March 5, 2026
Popcorn for the CPU vs GPU wars
Optimizing Recommendation Systems with JDK's Vector API
Netflix squeezes its 'surprise me' scores as commenters yell 'just use GPUs'
TLDR: Netflix cut CPU use by batching its “surprise me” scoring into big matrix math, shrinking servers. Comments split between jokes about binge maniacs driving half the work and a loud “just use GPUs” chorus, with many noting memory speed—not math—is the real bottleneck.

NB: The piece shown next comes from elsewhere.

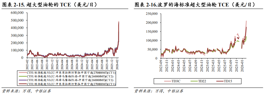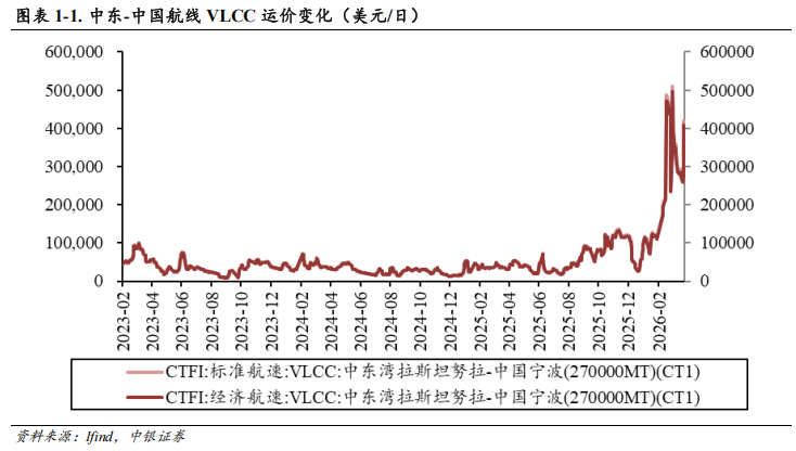 我们认为:霍尔木兹海峡完全关闭标志地缘风险溢价回归,VLCC运价中枢将随海峡通航停滞而抬升;若谈判仍未能取得实质进展,协议破裂风险将急剧上升,霍尔木兹海峡船舶通航数据处于低位,油运市场将继续寻求新型运输格局,运距拉长叠加次优效率,对油运价格形成支撑效应。若谈判取得突破进展,霍尔木兹海峡逐步通航,各国原油补库存需求有望带动油运需求。

Netflix engineers say their “serendipity” score—the part that decides how different a new show is from what you’ve been watching—was hogging about 7.5% of CPU time. So they batched the work, rearranged memory, and turned tons of small comparisons into one big matrix math move, cutting CPU and shrinking servers. Sounds neat, right? The comments erupted. Big mood: “Why optimize for binge monsters?” One user mocked the stat that just 2% of requests are huge batches but somehow account for around half the workload, joking that the most surprising recommendation is to cancel those power-watchers altogether. Meanwhile, the GPU gang rolled in yelling “just use graphics cards!” with one bragging about a 100x speed-up, before admitting the real villain is shoving data into memory fast enough. Classic internet: CPU vs GPU cage match, with Java nerds flexing clever batching and CUDA cowboys insisting brute force wins. The peanut gallery turned “cosine similarity” (comparing show-vibes) and “embeddings” (show fingerprints) into meme fodder: batch bros versus single-video stans, cache locality versus “throw money at it.” In short: Netflix saved compute, the crowd brought the drama, and everyone learned that memory is the final boss Netflix Tech Blog.
Key Points
- •Serendipity scoring in Netflix’s Ranker consumed about 7.5% of per-node CPU, dominated by Java dot products.
- •The original approach used nested loops computing cosine similarity for M candidates against N history items (O(M×N)).
- •Traffic shape showed 98% single-video requests but 2% large batches accounted for ~50% of total videos processed.
- •Optimization Step 1 batched work by packing embeddings into matrices and computing C = A × B^T after row normalization.
- •The batching and matrix-based approach produced the same scores with lower CPU per request and a reduced cluster footprint.